Is there a target reading level for fiction? Does a novel with a reading grade level of 12 or higher have a chance at publication?
Yes, a novel written at a 12th grade level has a chance at publication!
But I have a qualifier. The content and story line must be aimed at adult readers. You’ll have better luck selling a literary novel at this reading level, than say, a suspense novel or a romance.
I tried to find some sources to back up my opinions, but Google was not my friend. I had a really hard time finding any recent legitimate statistics (backed up by research) on literacy, reading levels of adults, and the average reading levels of novels. Maybe I just didn’t know the right key words to get to it. There were a lot of guesses and some old research and arguments about how that old research is invalid… So if any readers know of a recent valid study, please let us know in the comments.

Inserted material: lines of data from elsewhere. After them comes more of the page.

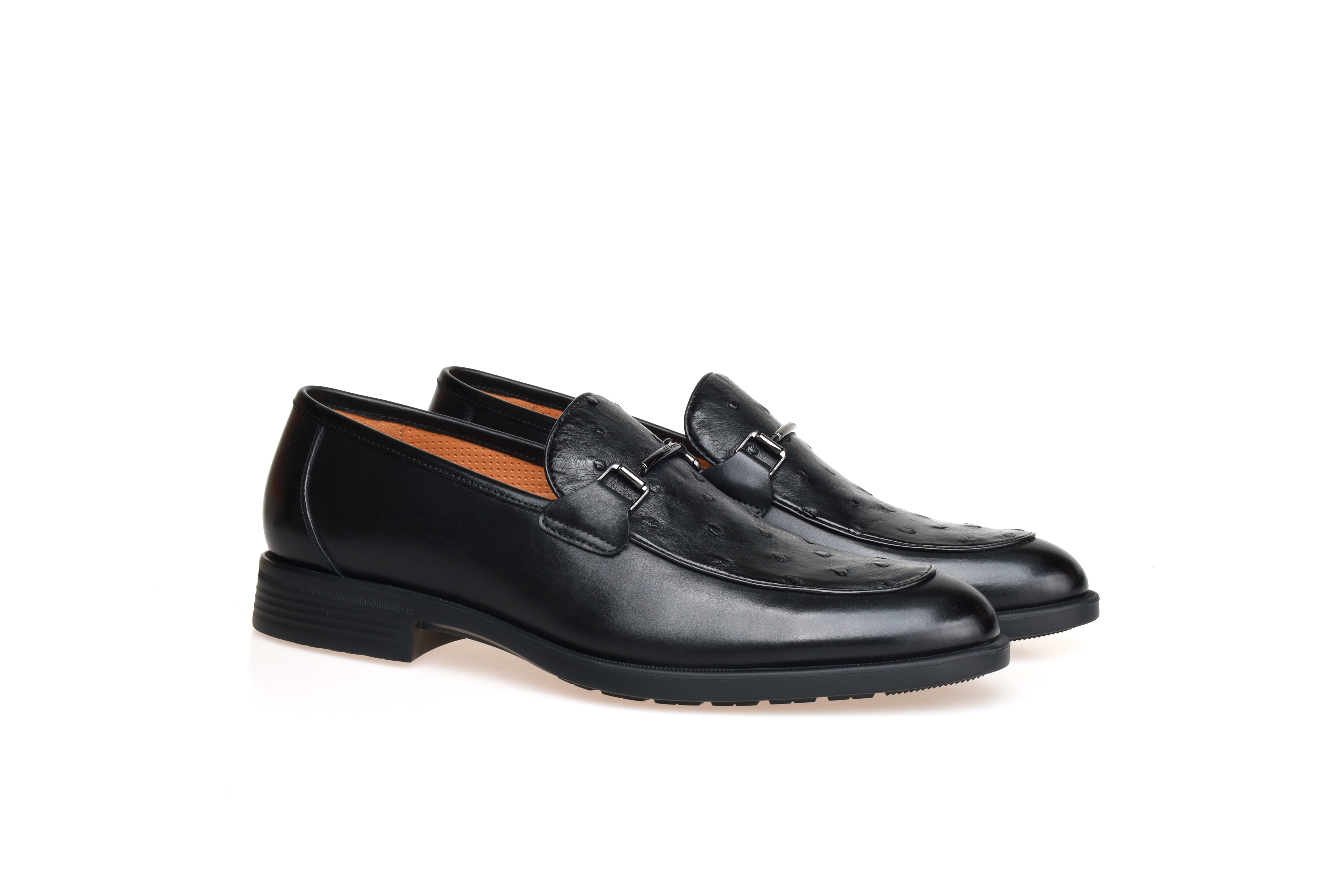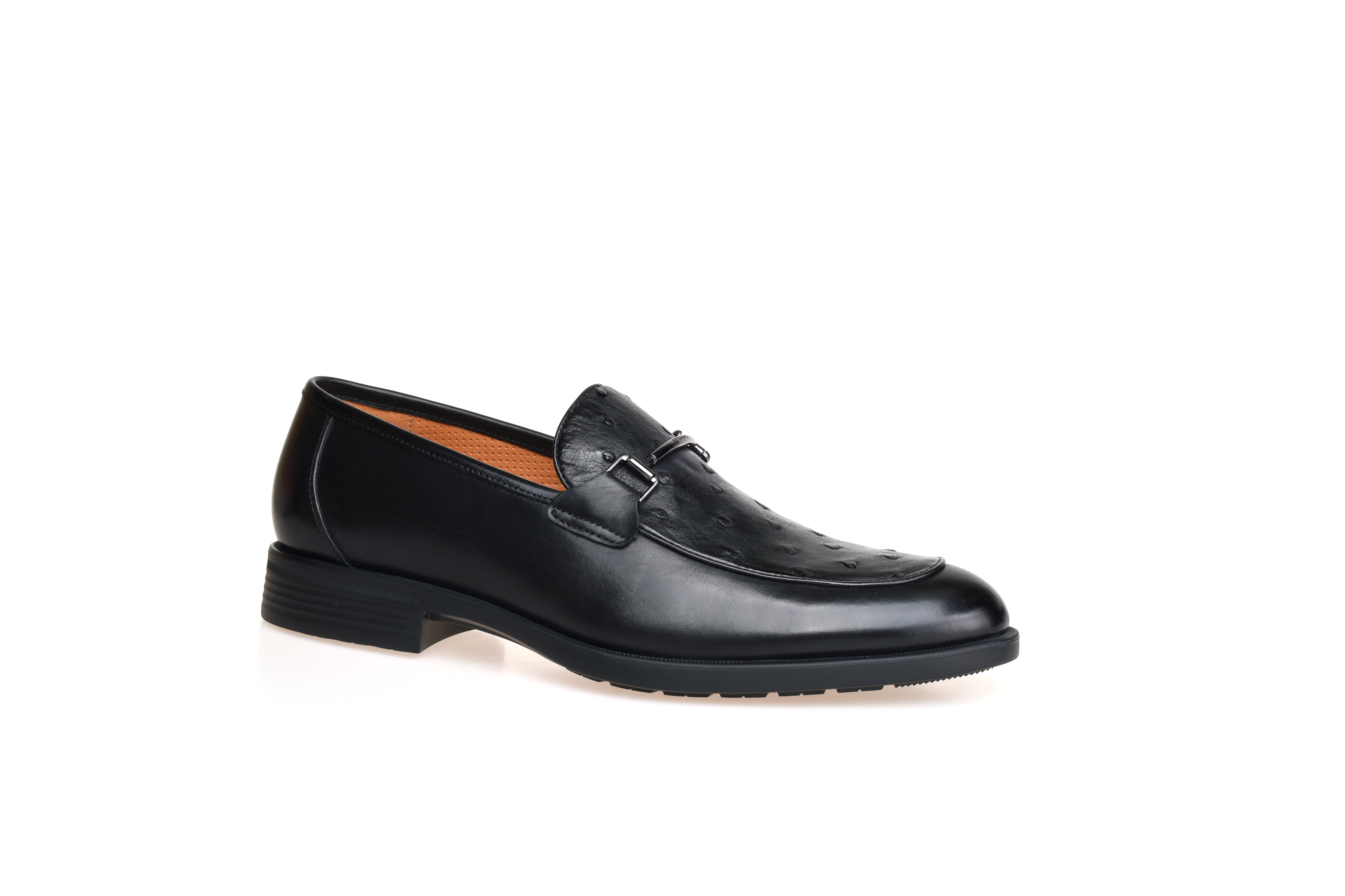 豪麟名鞋都彭男鞋皮鞋牛皮革+鸵鸟皮革E34130541黑色
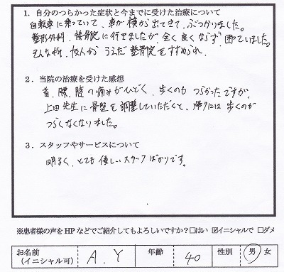 今まで他の治療院にたくさん行ったり、整形外科やレーザー手術を3回しましたが、良くなりませんでした。
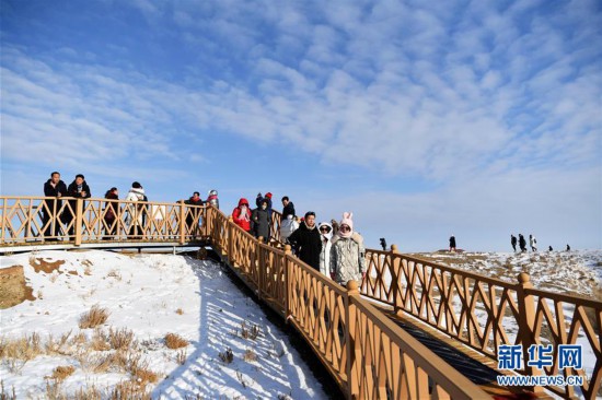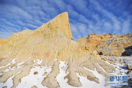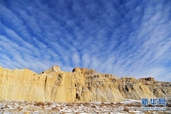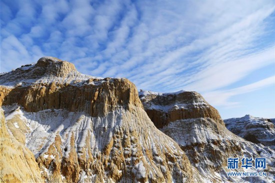 11月26日拍攝的新疆福海縣烏倫古湖海上魔鬼城景區(qū)美景。 福海縣烏倫古湖海上魔鬼城景區(qū)位于新疆阿勒泰地區(qū)福??h吉力湖東岸,有著獨(dú)特的雅丹地貌和水域景觀,是當(dāng)?shù)刂穆糜蝿俚亍?新華社記者 沙達(dá)提 攝

I asked a few colleagues, and our understanding is that in the publishing industry, most popular U.S. novels for adult readers are written at a 7th to 9th grade reading level. That doesn’t mean that there aren’t any popular novels published at a higher reading level or even at a much lower reading level. (Read this article on reading levels of various novels.)
I also found a forum comment that made the following assertions, which “feel” right to me. They attribute their statements to studies done by the healthcare industry, but I couldn’t find the original source.

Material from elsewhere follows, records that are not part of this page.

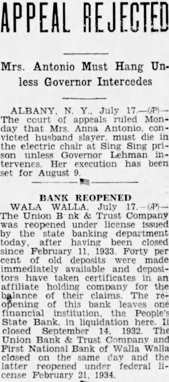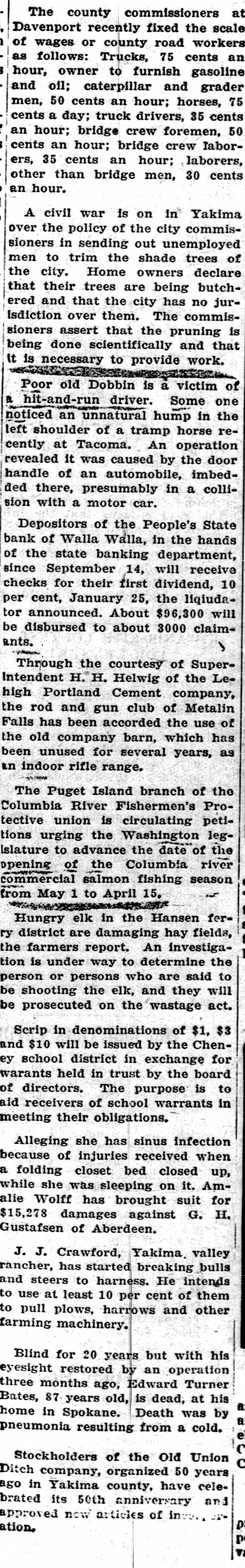 The county commissioners at Davenport recently fixed the scale of wages or county road workers as follows: Trucks, 75 cents an hour, owner to furnish gasoline and oil; caterpillar and grader men, 50 cents an hour; horses, 75 cents a day; truck drivers, 35 cents an hour; bridge crew foremen, 50 cents an hour; bridge crew Iaborers, 35 cents an hour; laborers, other than bridge men, 30 cents an hour. A civil war is on in Yakima over the policy of the city commissioners in sending out unemployed men to trim the shade trees of the city. Home owners declare that their trees are being butchered and that the city has no jurisdiction over them. The commissioners assert that the pruning is being done scientifically and that It is necessary to provide work. Poor old Dobbin is a victim of a hit-and-run driver. Some one noticed an unnatural hump in the left shoulder of a tramp horse recently at Tacoma. An operation revealed it was caused by the door handle of an automobile, imbedded there, presumably in a collision with a motor car. Depositors of the People's State bank of Walla Walla, in the hands of the state banking department, since September 14, will receive checks for their first dividend, 10 per cent, January 25, the liqiudator announced. About $96,300 will be disbursed to about 3000 claimants. Through the courtesy of SuperIntendent H. H. Helwig of the Lehigh Portland Cement company, the rod and gun club of Metalin Falls has been accorded the use of the old company barn, which has been unused for several years, as an indoor rifle range. The Puget Island branch of the Columbia River Fishermen's Protective union is circulating petitions urging the Washington legIslature to advance the date of the opening of the Columbia river commercial salmon fishing season from May 1 to April 15. Hungry elk in the Hansen ferry district are damaging hay fields, the farmers report. An investigation is under way to determine the person or persons who are said to be shooting the elk, and they will be prosecuted on the wastage act. Scrip in denominations of $1, $3 and $10 will be issued by the Cheney school district in exchange for warants held in trust by the board of directors. The purpose is to aid receivers of school warrants in meeting their obligations. Alleging she has sinus infection because of injuries received when a folding closet bed closed up, while she was sleeping on it. Amalie Wolff has brought suit for $15,278 damages against G. H. Gustafsen of Aberdeen. J. J. Crawford, Yakima. valley rancher, has started breaking bulls and steers to harness. He intends to use at least 10 per cent of them to pull plows, harrows and other farming machinery. Blind for 20 years but with his eyesight restored by an operation three months ago, Edward Turner Bates, 87 years old, is dead, at his a home in Spokane. Death was by a pneumonia resulting from a cold. e C Stockholders of the Old Union C Ditch company, organized 50 years ago in Yakima county, have celebrated its 50th anniversary and approved now articles of in D ation. p V
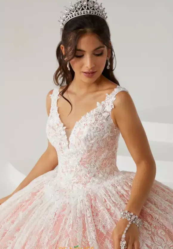 We are loving the versatility of this elegant ball gown dress 26005 by Tiffany Quinceanera. This dress showcases a v neck bodice with applique and lace detail and detachable lace long sleeves. The beadwork is very elegant and memorable along with the skirt and the train of this dress. The back of the bodice features a classic corset lace back.
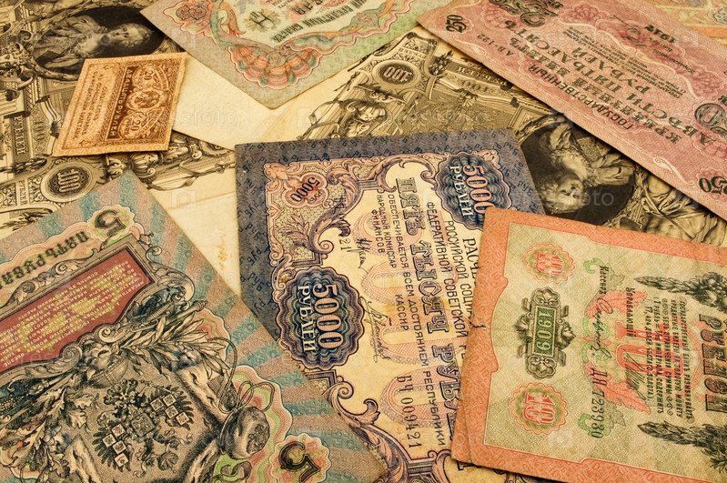 Старые российские денежные банкноты крупный план, фон
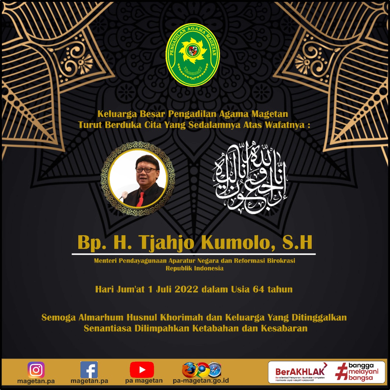 Turut Berduka Cita Yang Sedalamnya Atas Wafatnya Bp. H. Tjahjo Kumolo, S.H Written by Admin on 01 July 2022. Written by Admin on 01 July 2022. Hits: 994
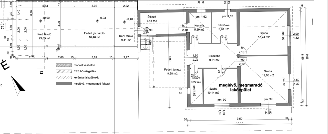 A telken található még, egy 16,5 nm-es fedett gépkocsi beálló +33 nm-es fedett kerti tároló.
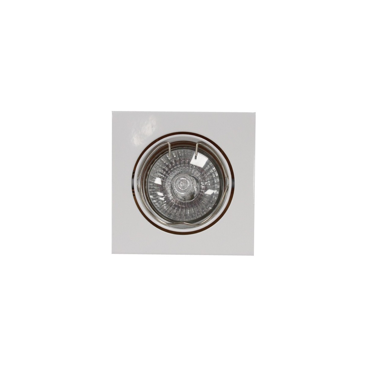80x80x20mm square tilting flush mount with aluminium structure and white finish. It has a 35° tilting angle. The circular thread measures 75mm in diameter. Protection class II. Includes one 50W, 27000°K, 270Lm, 230V GU10 halogen bulb. It is directly connected to the mains.
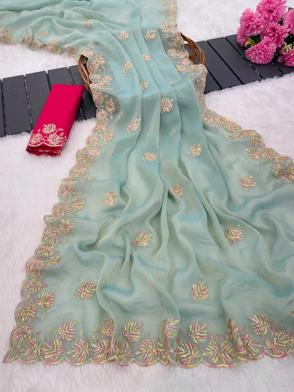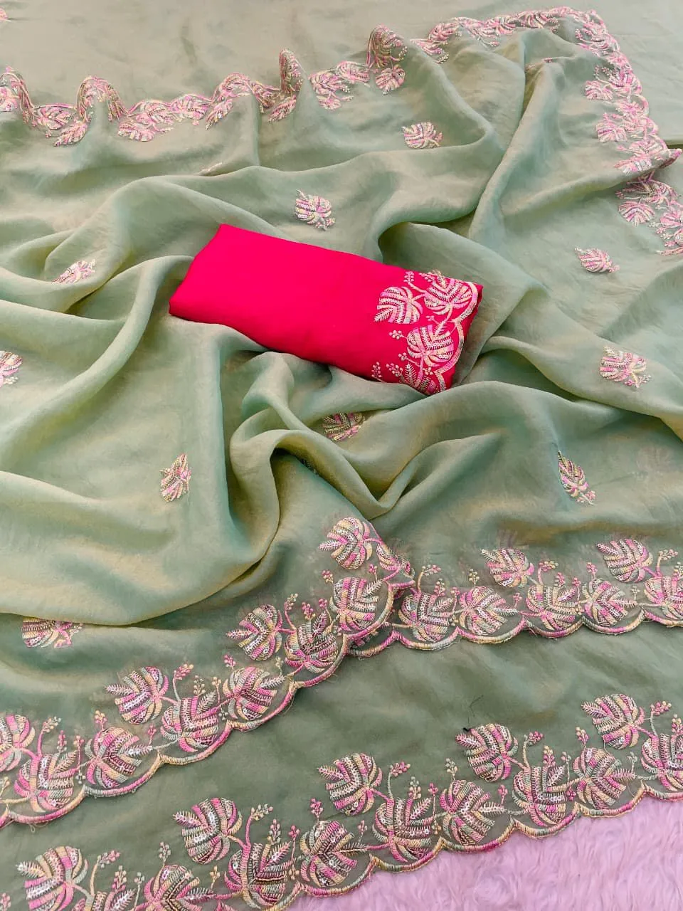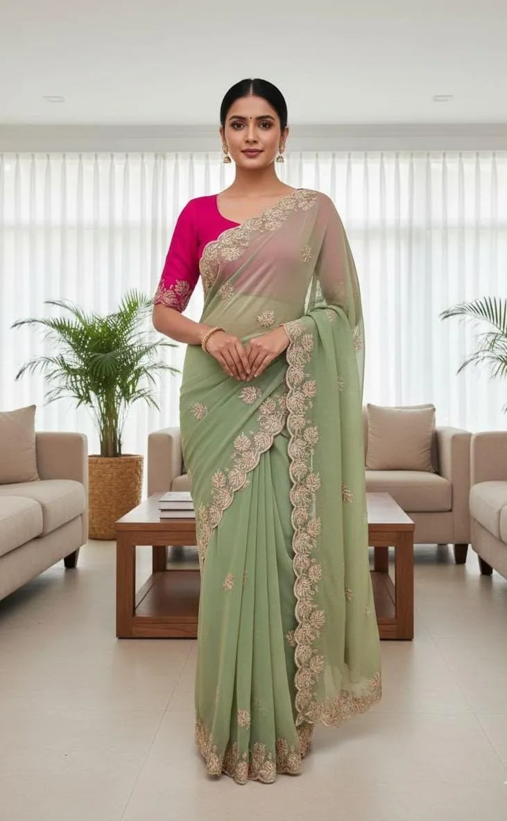Vt 829 T Moss Chiffon Multi Thread Worked Fancy Saree Collection

1. No matter how educated people are, they actually read three to five grades lower than the last grade they finished. People who finished high school read at the level of 7th-9th graders. (LDSP: Uhm, so college graduates would read at or above the 12th grade level.)

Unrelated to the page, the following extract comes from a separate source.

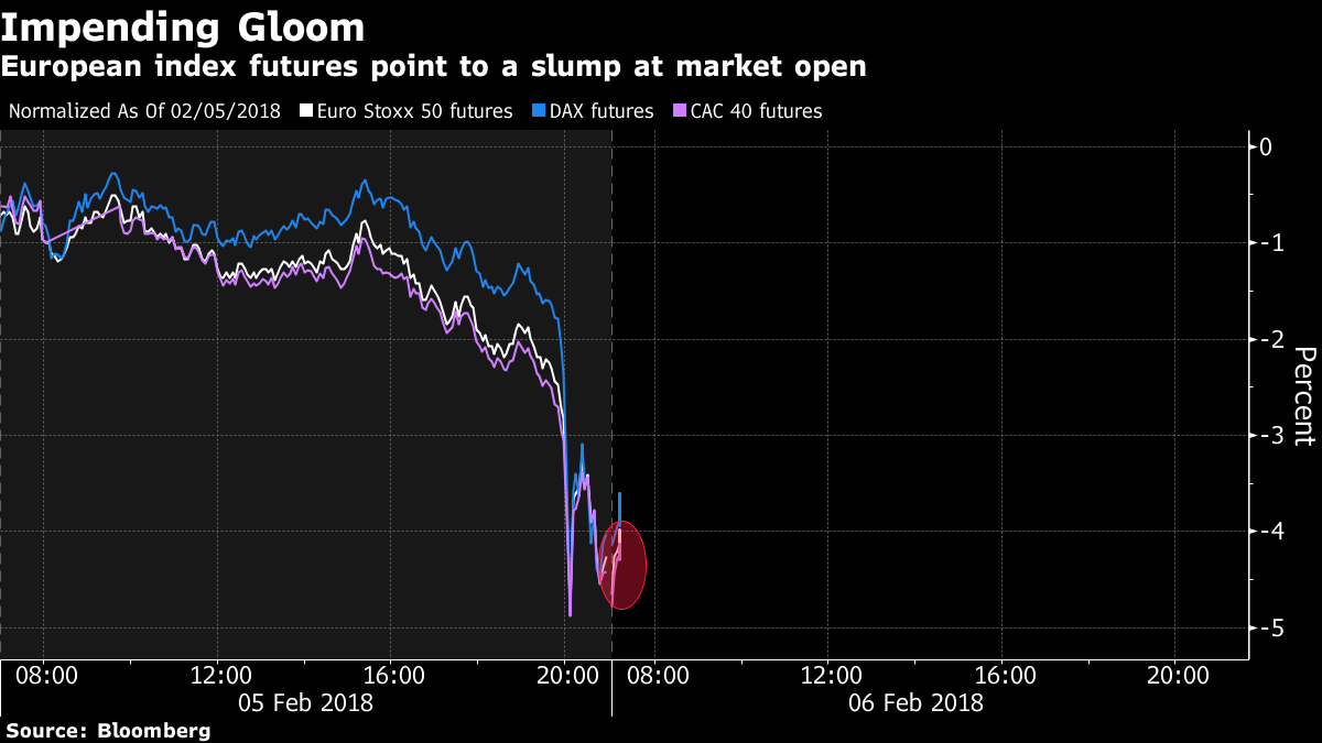 Contracts on the Euro Stoxx 50 Index, Germany’s DAX Index and France’s CAC 40 Index fell more than 3 percent as of 7:39 a.m. in London, while the U.K.’s FTSE 100 Index lost 2.8 percent. After a strong start of 2018, most European stock benchmarks have wiped out gains for the year in a rout that looks set to extend into a seventh day for the broader regional benchmark, hurt by worries over rising government bond yields and the outlook for the Federal Reserve’s interest rates.
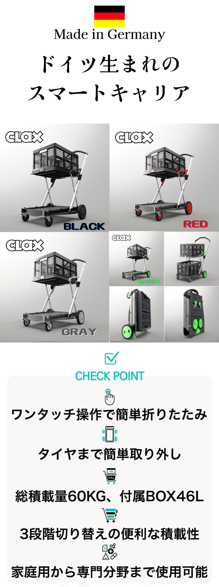 皆様こんにちは、実行者のKR Globalです。私達は世界のモノづくりとそこで頑張る人達を応援する事業者です。この度は、ドイツ生まれの「CLAX CART」にご興味をお持ち頂き有難うございました。この老舗メーカーさんは、100年の歴史とその実績に縛られることなく時勢に柔軟な姿勢をお持ちです。メーカーとして社会へ新しい生活の提案を積極的に心がけ、今もなお成長しています。是非これをきっかけに、皆様にたくさんこの会社の製品をご紹介出来たらと思っています。プロジェクト終了までどうぞ温かい応援を宜しくお願い致します。<スタッフ一同>

2. When a prominent newspaper lowered the complexity of their articles from college level to 4th grade, the number of readers shot up by 98 percent. (LDSP: Not sure of the percentages, but I’ve heard that when some magazines did this, their subscription rates went up.)
3. The books of the most popular U.S. novelists (Stephen King, John Grisham, etc.) are written at a 7th-grade reading level.(LDSP: That’s my general assessment, as well.)
4. Most romance novels (which make up about half of all paperbacks sold in the U.S.) are written at a 5th-grade reading level. (LDSP: Not sure about this one, but I would suspect that the mass market paperback romances [*cough * harlequin-esque * cough] might fit this.)
I also found the ProLiteracy website which seems legit. They indicate that approximately 29% of US adults read below the 8th grade level, with 14% reading at a fifth grade level or below.
That leaves 70% of the adult US population that read at or above the 8th grade level. Right?
So, yes, I think a novel for adults (as opposed to children and teens) written at a 12th grade reading level or above has a chance. If that’s the level at which you’re comfortable writing, do it. If your agent or a publisher likes it but tells you to dumb it down, then you’ll have a decision to make.
2 thoughts on “Target Reading Level for Fiction”
Fascinating. And there are places online where we can pop in a bit of our writing, and it will tell us what grade level it’s at.
Thank you! This information shall help me classifiy older books a lot more effectively.